Low-Cost Conservation

In the face of climate change and energy challenges, what creative ways are you finding to forge healthy and durable lives and communities? Send submissions — five hundred words or fewer — to Orion, 187 Main Street, Great Barrington, MA 01230, or via {encode=”moa@orionsociety.org” title=”e-mail”}. Submissions become property of Orion.

The essential challenge for our culture is to subordinate our consumptive lifestyle to the limitations on which all life depends. The Sullivan Alliance for Sustainable Development (SASD), based in the Catskill Mountains region of New York, acknowledges this challenge and is working to meet it. A primary focus of our effort is educating the Sullivan County community about the tangible benefits of reducing energy consumption, not just for the environment, but also for the pocketbook. True change will necessarily require a deeper shift in how we value the natural world, but we recognize that taking more time to act is a luxury we can ill afford.

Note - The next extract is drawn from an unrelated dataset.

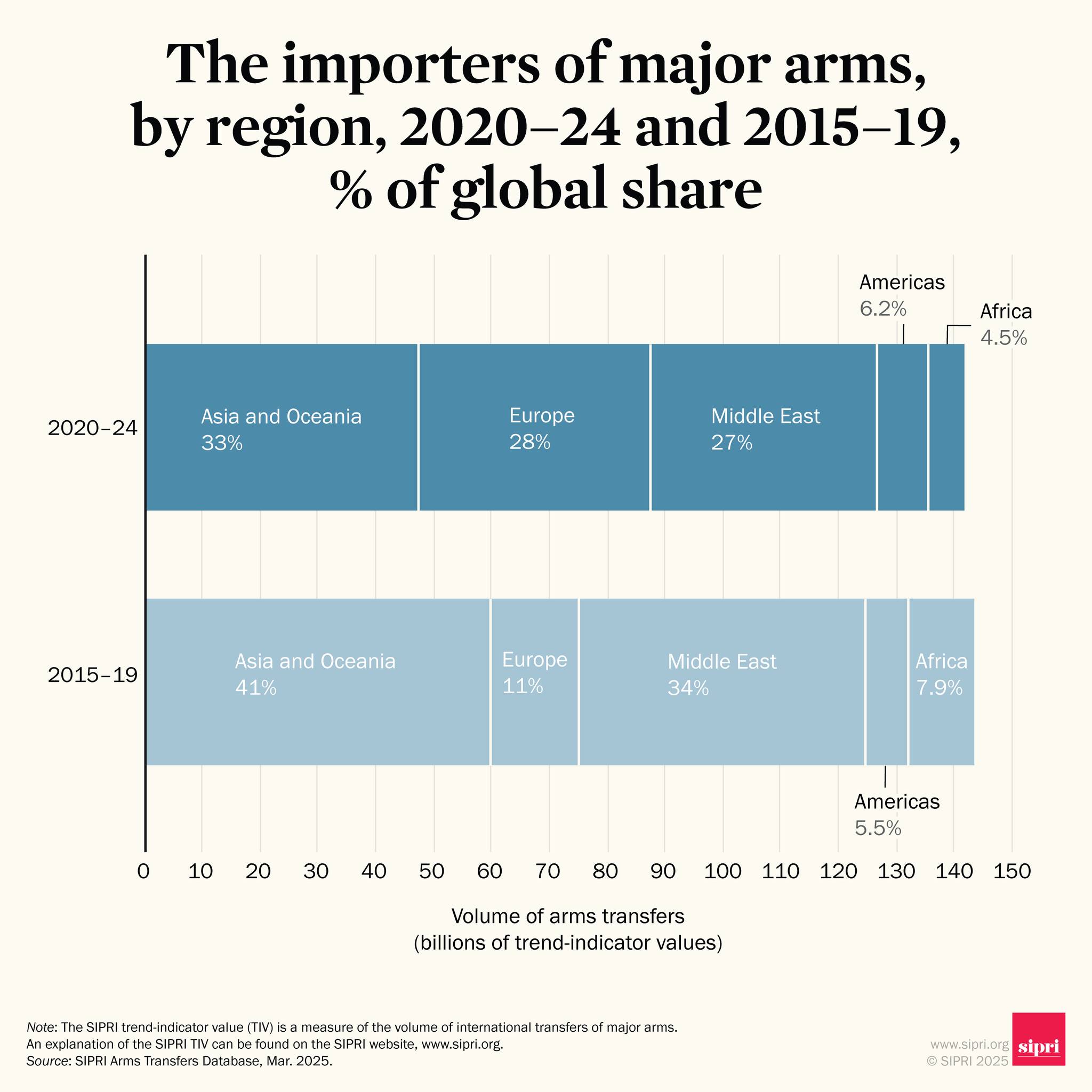 Για πρώτη φορά μετά από δύο δεκαετίες, το μεγαλύτερο μερίδιο των αμερικανικών εξαγωγών όπλων το 2020-24 πήγε στην Ευρώπη (35%) και όχι στη Μέση Ανατολή (33%). Παρ’ όλα αυτά, ο κορυφαίος μεμονωμένος παραλήπτης αμερικανικών όπλων ήταν η Σαουδική Αραβία (12% των αμερικανικών εξαγωγών όπλων).

SASD believes important changes in energy consumption become more palatable to the public if people understand there is much they can do on several levels. We’re facilitating this understanding through community workshops and presentations. Just as the power of compounding interest can dramatically increase the value of a savings account over time, low-cost conservation measures can be used to sustain reduced levels of energy consumption into the future. Reducing hot water temperatures, keeping heat registers clean, and washing only full loads of laundry are just some of the many simple energy “deposits” that build over time.

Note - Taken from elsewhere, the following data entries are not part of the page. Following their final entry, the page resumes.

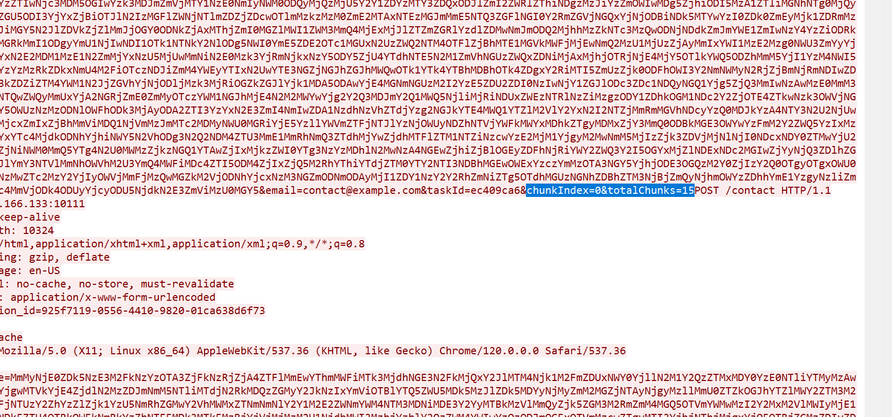 找截图使用的工具,从 2786 数据流在对数据进行分片传输,一共 15 片
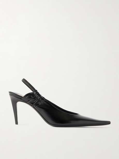 The elongated, squared-off toes on SAINT LAURENT's 'Anne Marie' pumps create the illusion of longer legs. Set on angled 75mm heels, they're made from black glossed-leather and have gathered slingback straps.
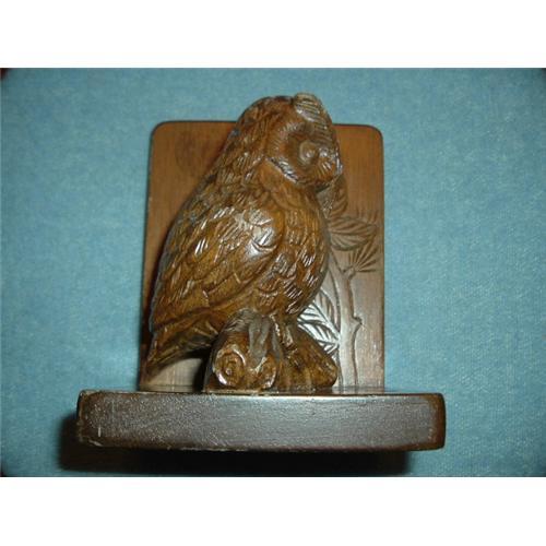 Hand-carved wooden owl. 5" tall, mounted on 4.75" x 4.75" x6" wooden stand
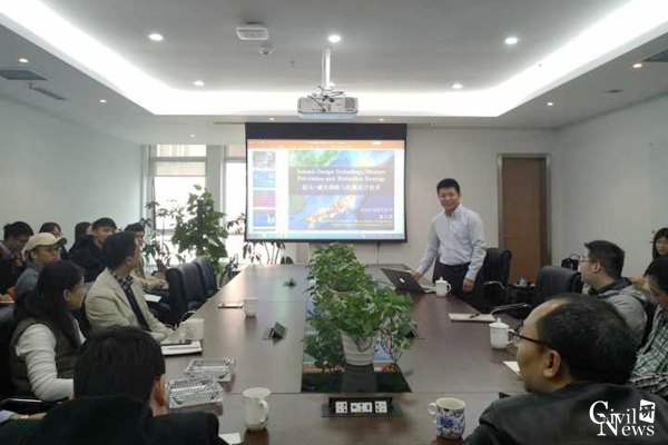 上午9时30分,高文君研究员首先展开了主题为“防灾·减灾战略与抗震设计技术”的学术报告。高文军研究员有着多年的海外留学和工作经验,在结构抗震方面有着深入的研究。在报告期间,他无私的分享了一些自己在该领域的独到见解,听众受益颇多,同时也体会到了防灾、减灾以及抗震设计巨大的发展潜力和广阔的应用前景。
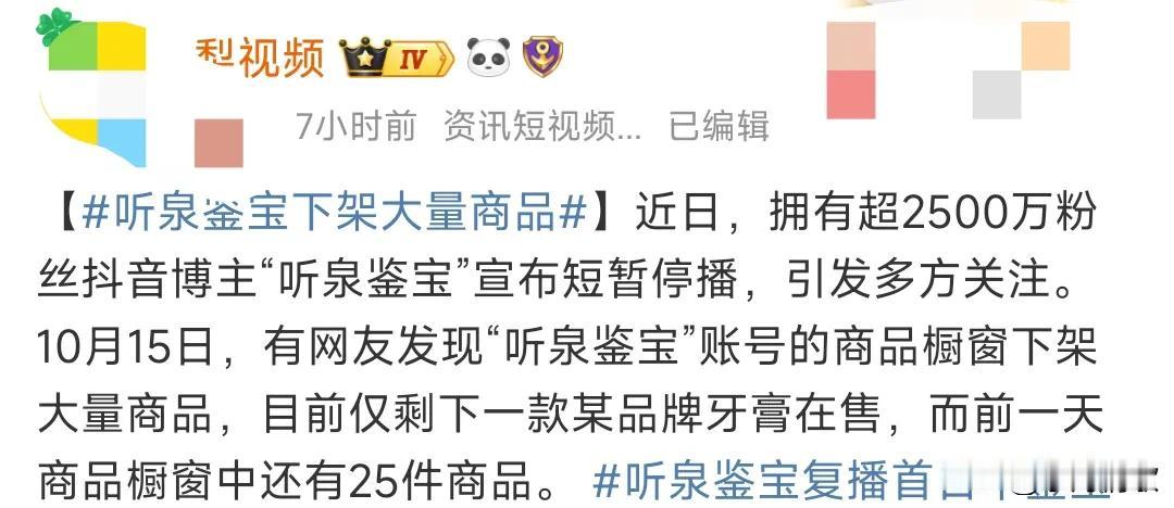 各位听泉鉴宝的粉丝们,不用太担心,你们心心念念的电子榨菜听泉鉴宝回来复播啦,不过他没有在搞娱乐的鉴宝啦,因为本来就是个娱乐主播,再鉴宝下去,估计事业不保。 有报道称,听泉鉴宝下架了大量商品,以前有25个商品,现在只留下一款牙膏了。 这也是明智的选择,如果再不下架的话,这虚假宣传就够他受的了。 网红现在的压力真的越来越大,只要有个负面新闻被盯上的话,那真的是很难翻身了。 这就是能力有多大,责任就有多大,真不是一般人能胜任的。 #听泉鉴宝下架大量商品#

SASD is articulating how these actions help leverage a flourishing renewable energy economy that can feed our local economy, and how doing so helps address national and global problems. For example, in 2006, a typical homeowner in our area would have paid between $14,000 and $20,000 (even after a 50 percent state rebate and applicable tax credits) to install enough solar panels to meet much of her electricity needs. But those panels would have generated only $650 worth of electricity that year. This would be difficult for many to afford, but it represents an important opportunity for using conservation to significantly reduce the size, and therefore the cost, of the system required. Each $1 reduction in her electricity usage she can sustain through conservation means between $20 and $30 worth of solar panels she doesn’t have to install. This practice makes it possible for more people to afford photovoltaic systems that supply most or all of their electricity. Jobs created by training a local labor force to install and maintain these systems are another benefit in an area where many are in need of a living wage.

We also recognize that encouraging municipal facilities to take similar actions and advocating for municipally owned renewable power can spread economic and environmental benefits more broadly across the community. Proceeds from generating local renewable energy could be used to lower property and school taxes and to fund low-interest community loans targeted at further expanding renewable-energy opportunities for as many area residents as possible.